╭─ TASK MATERIAL

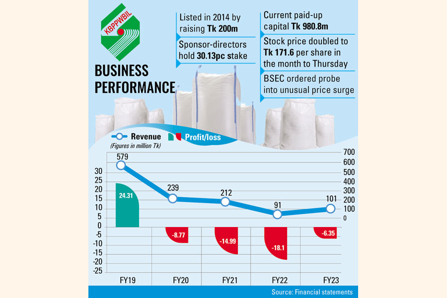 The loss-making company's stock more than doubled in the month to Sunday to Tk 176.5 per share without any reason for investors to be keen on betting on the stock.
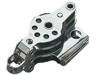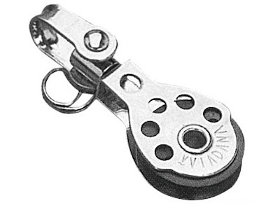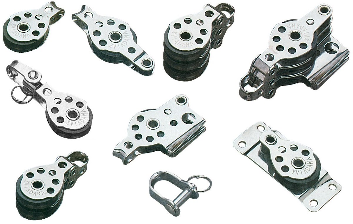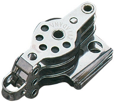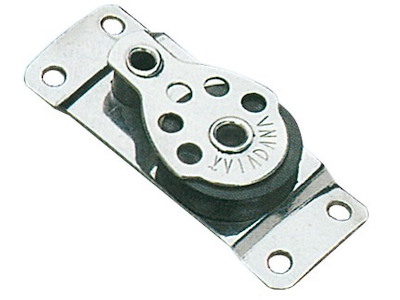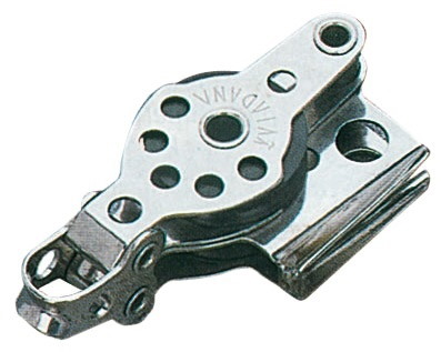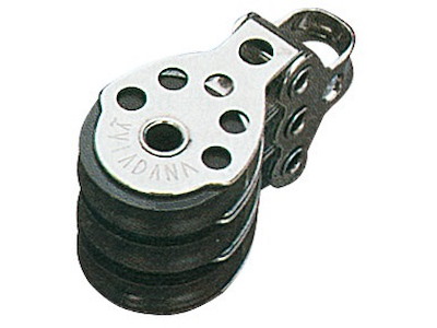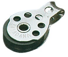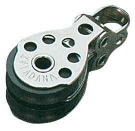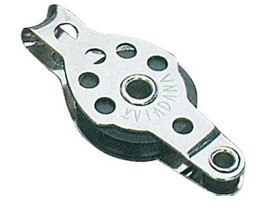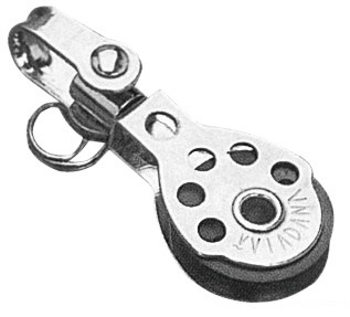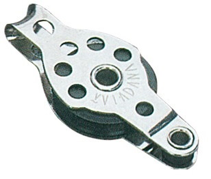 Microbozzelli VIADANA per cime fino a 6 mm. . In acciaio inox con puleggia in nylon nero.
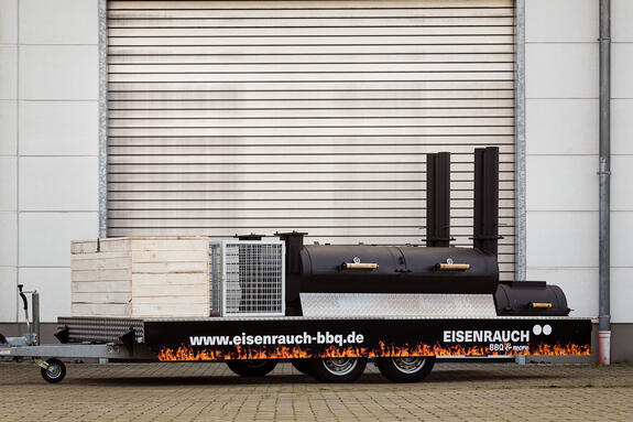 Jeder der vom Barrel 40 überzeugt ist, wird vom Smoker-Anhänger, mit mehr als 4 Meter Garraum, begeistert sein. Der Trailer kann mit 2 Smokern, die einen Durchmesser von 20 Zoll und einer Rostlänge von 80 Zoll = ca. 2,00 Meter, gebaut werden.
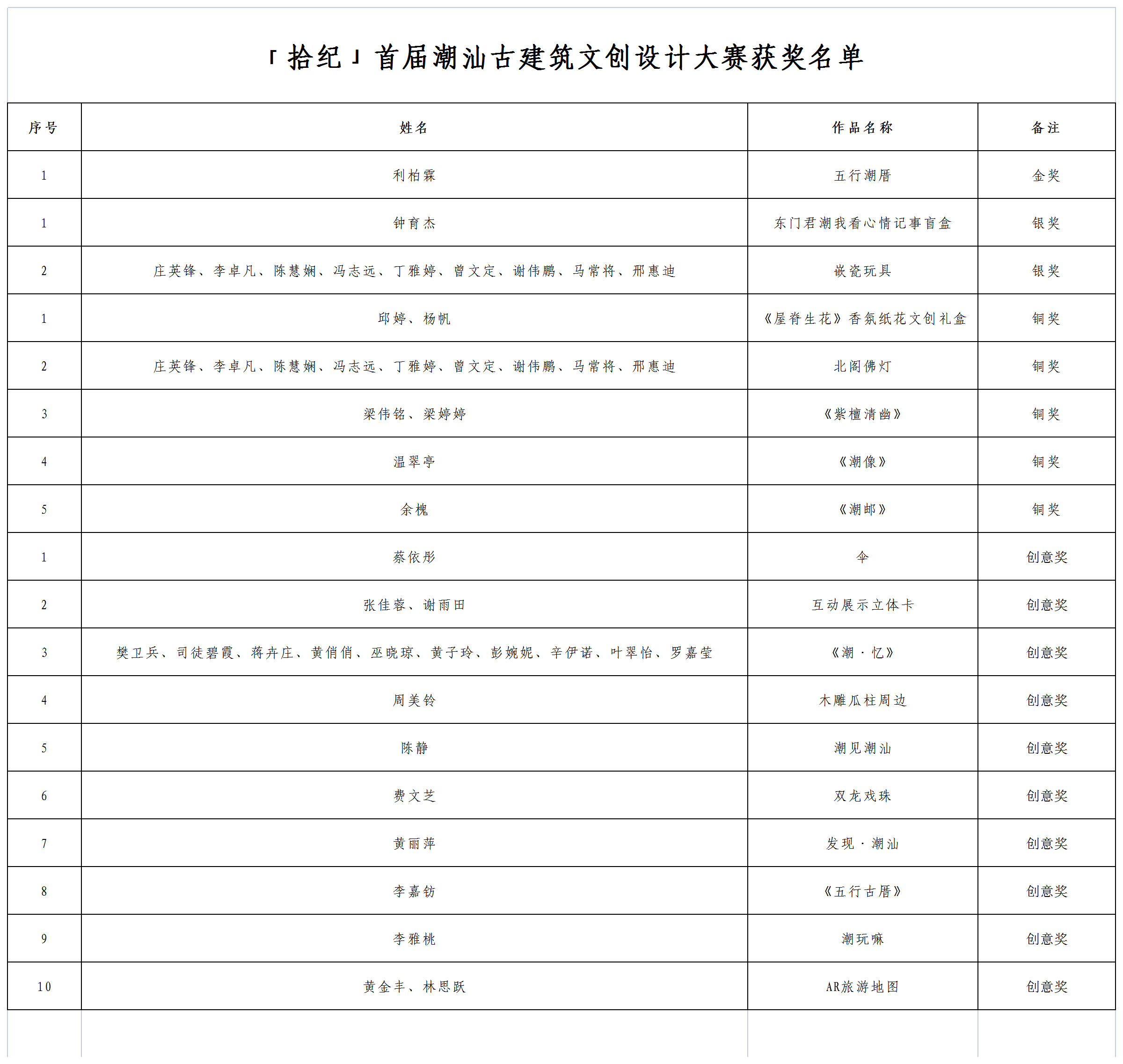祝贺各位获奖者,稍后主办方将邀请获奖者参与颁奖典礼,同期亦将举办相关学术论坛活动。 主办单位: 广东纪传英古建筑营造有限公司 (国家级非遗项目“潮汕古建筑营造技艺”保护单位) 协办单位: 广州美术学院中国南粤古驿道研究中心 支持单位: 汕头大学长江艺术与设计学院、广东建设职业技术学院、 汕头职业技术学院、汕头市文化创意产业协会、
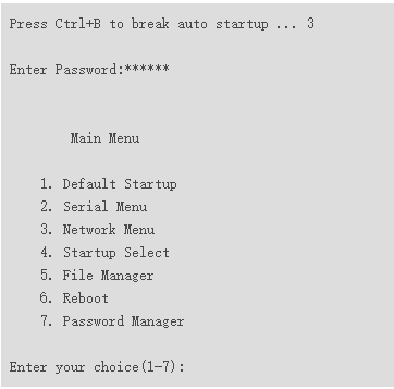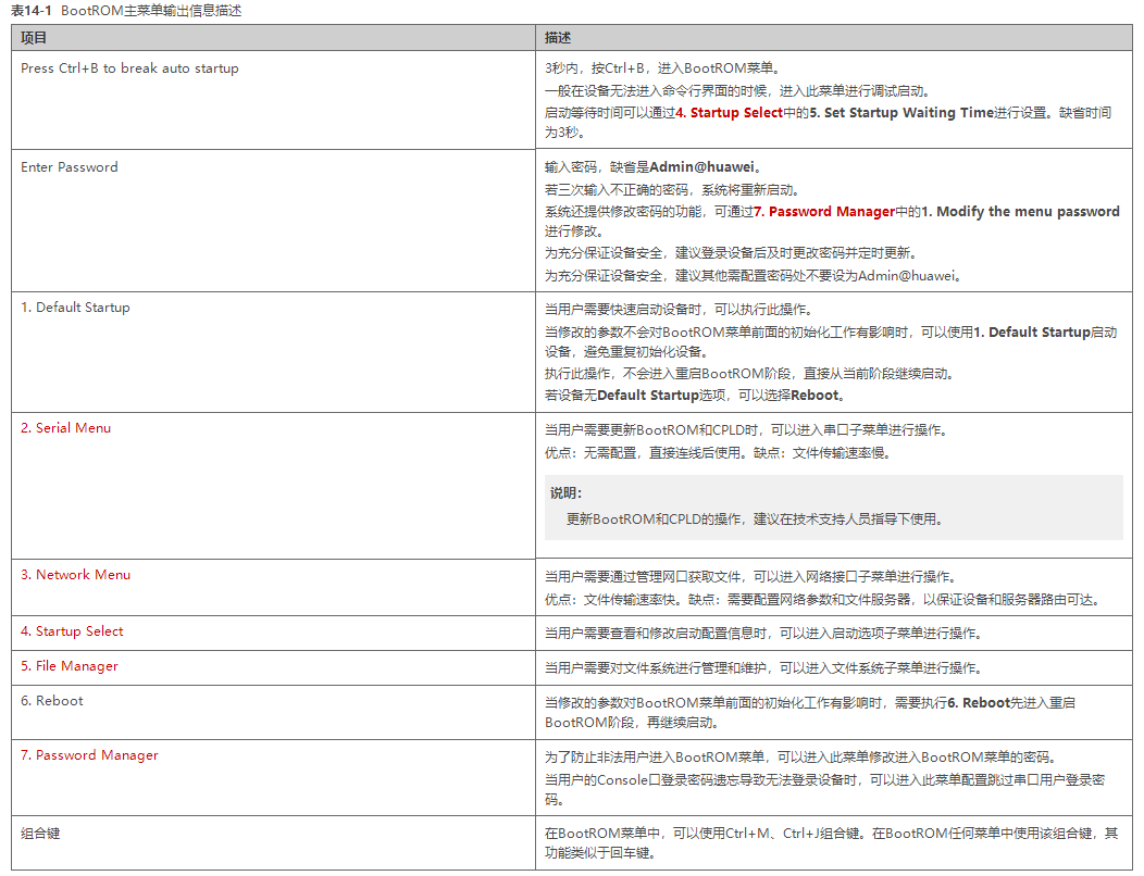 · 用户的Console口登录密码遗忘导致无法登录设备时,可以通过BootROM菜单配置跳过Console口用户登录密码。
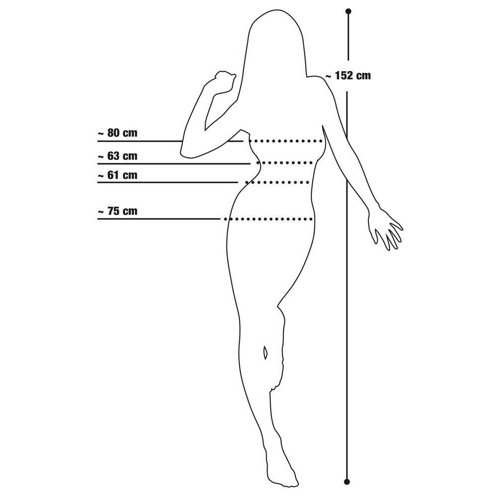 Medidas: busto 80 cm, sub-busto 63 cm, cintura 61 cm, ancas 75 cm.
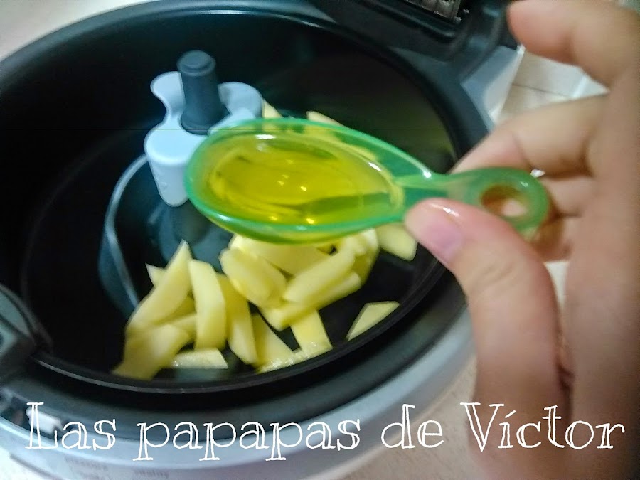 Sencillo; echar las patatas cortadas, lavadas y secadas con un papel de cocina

╰─
╭─ TASK MATERIAL

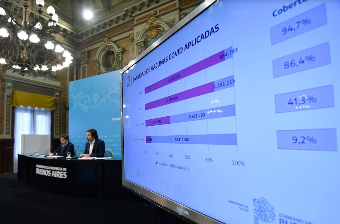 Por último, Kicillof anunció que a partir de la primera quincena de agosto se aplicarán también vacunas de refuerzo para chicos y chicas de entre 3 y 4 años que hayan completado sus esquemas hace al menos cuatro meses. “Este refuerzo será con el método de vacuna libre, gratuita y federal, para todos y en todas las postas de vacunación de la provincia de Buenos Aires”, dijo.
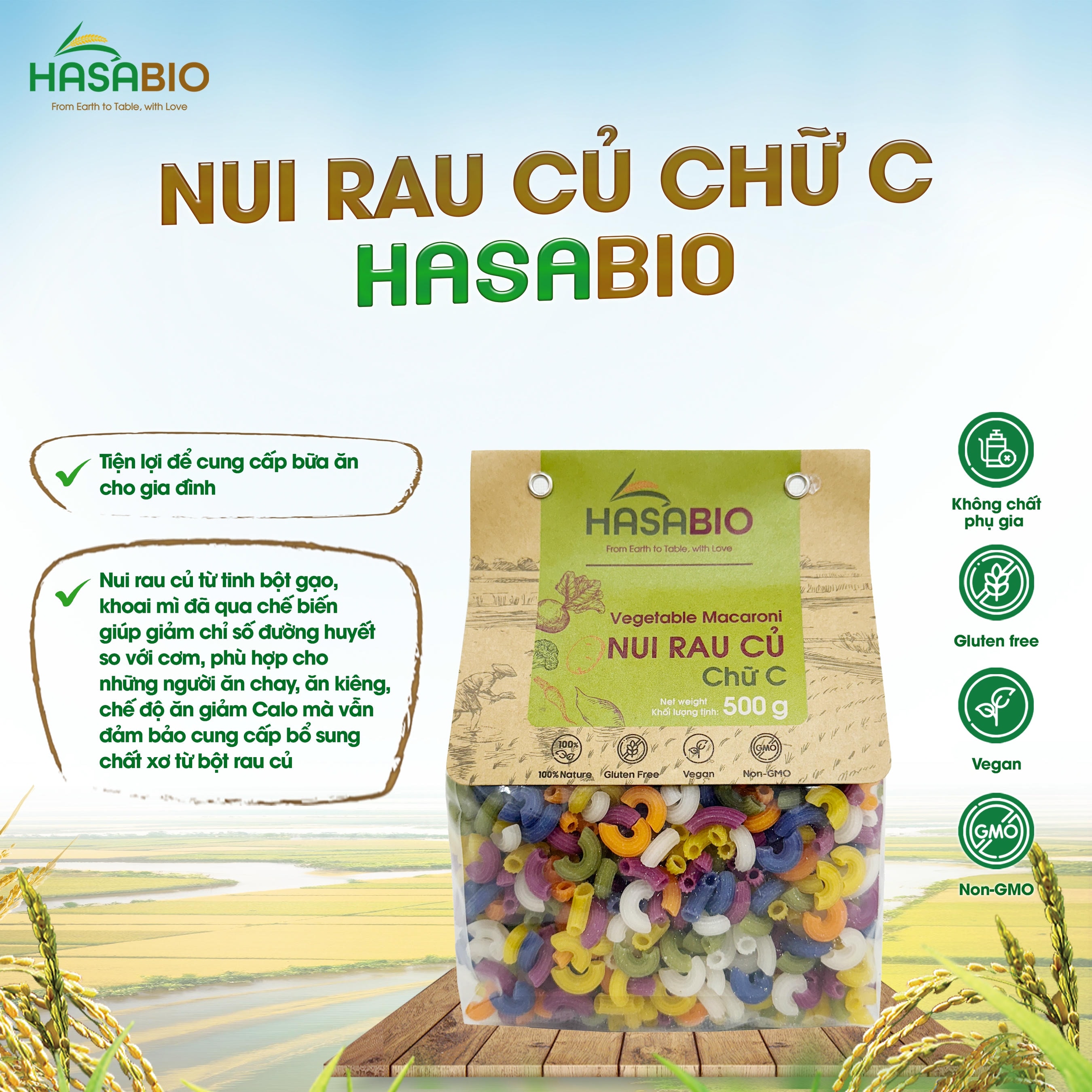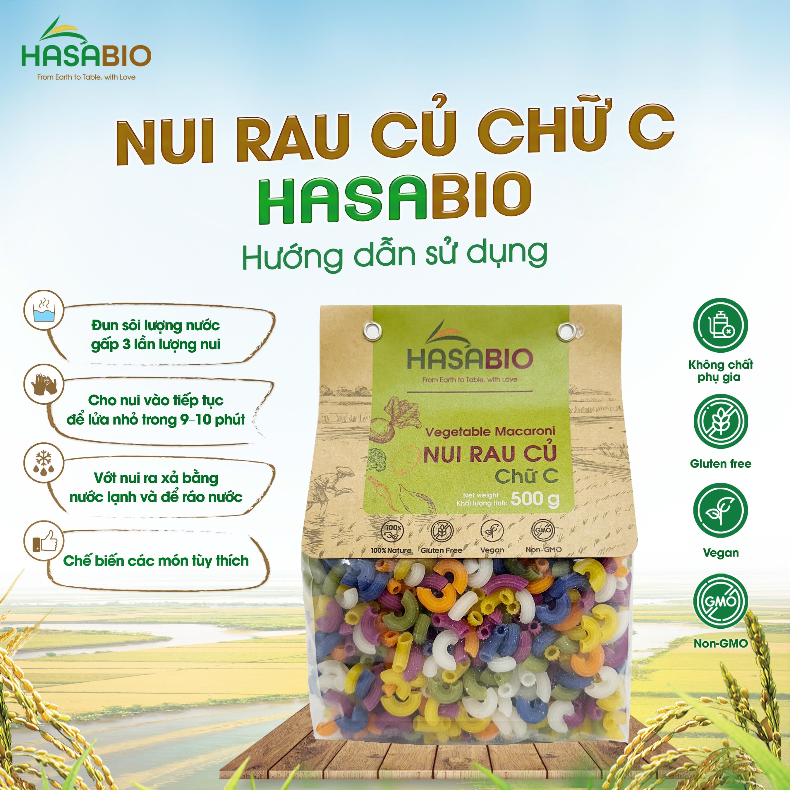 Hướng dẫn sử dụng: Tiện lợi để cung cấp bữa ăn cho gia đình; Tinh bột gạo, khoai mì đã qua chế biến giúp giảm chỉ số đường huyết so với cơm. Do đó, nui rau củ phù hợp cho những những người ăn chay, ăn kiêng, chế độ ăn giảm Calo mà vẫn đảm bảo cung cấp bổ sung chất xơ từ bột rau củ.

╰─
╭─ TASK MATERIAL

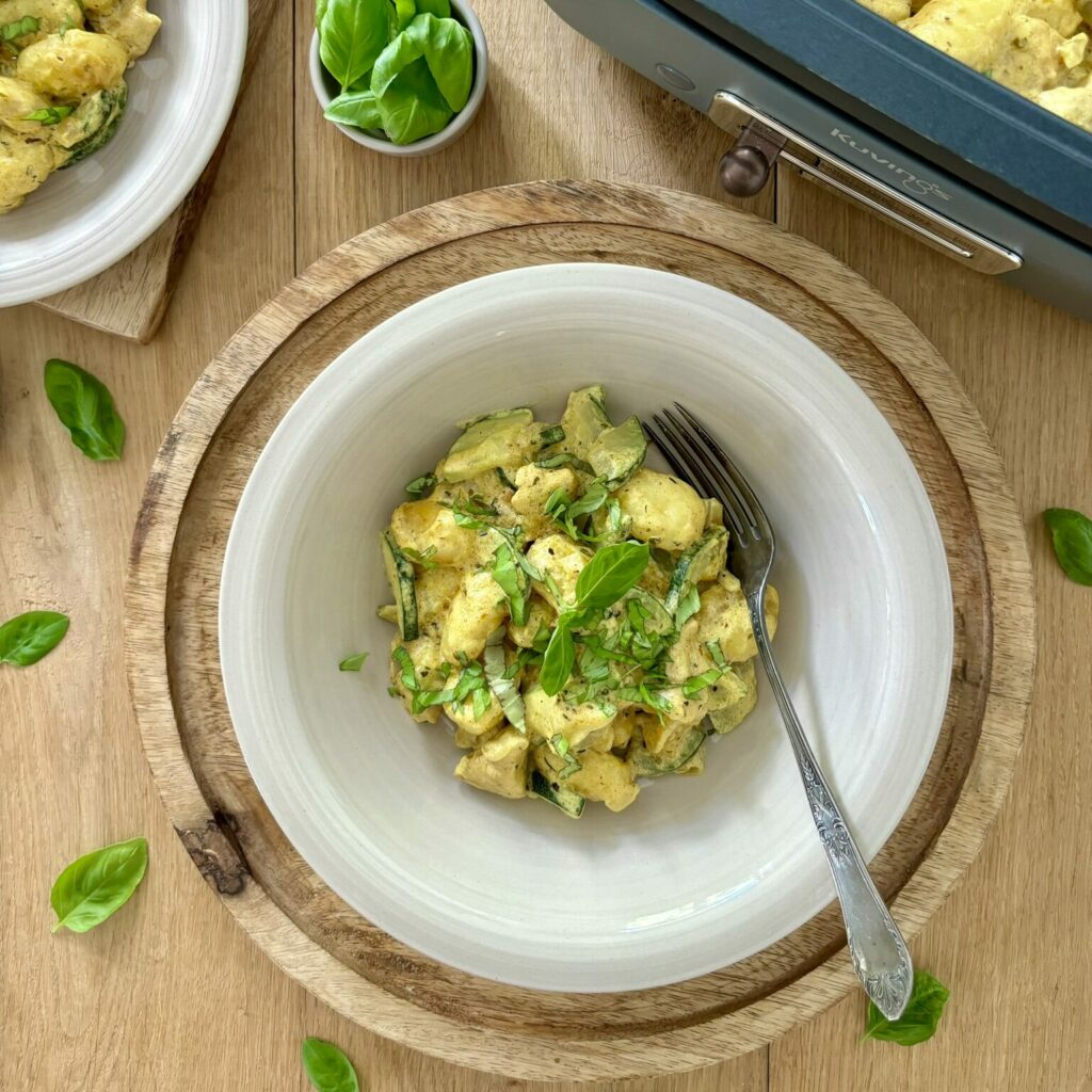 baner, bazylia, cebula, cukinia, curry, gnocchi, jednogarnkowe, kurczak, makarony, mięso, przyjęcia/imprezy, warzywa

╰─

TASK REQUIREMENTS = Using the data above, return the lines from the one holding "The loss-making company's" through the one holding "Sencillo; echar las" exactly, but not the pictures.

WRITTEN ANSWER =
 The loss-making company's stock more than doubled in the month to Sunday to Tk 176.5 per share without any reason for investors to be keen on betting on the stock.
 Microbozzelli VIADANA per cime fino a 6 mm. . In acciaio inox con puleggia in nylon nero.
 Jeder der vom Barrel 40 überzeugt ist, wird vom Smoker-Anhänger, mit mehr als 4 Meter Garraum, begeistert sein. Der Trailer kann mit 2 Smokern, die einen Durchmesser von 20 Zoll und einer Rostlänge von 80 Zoll = ca. 2,00 Meter, gebaut werden.
祝贺各位获奖者,稍后主办方将邀请获奖者参与颁奖典礼,同期亦将举办相关学术论坛活动。 主办单位: 广东纪传英古建筑营造有限公司 (国家级非遗项目“潮汕古建筑营造技艺”保护单位) 协办单位: 广州美术学院中国南粤古驿道研究中心 支持单位: 汕头大学长江艺术与设计学院、广东建设职业技术学院、 汕头职业技术学院、汕头市文化创意产业协会、
 · 用户的Console口登录密码遗忘导致无法登录设备时,可以通过BootROM菜单配置跳过Console口用户登录密码。
 Medidas: busto 80 cm, sub-busto 63 cm, cintura 61 cm, ancas 75 cm.
 Sencillo; echar las patatas cortadas, lavadas y secadas con un papel de cocina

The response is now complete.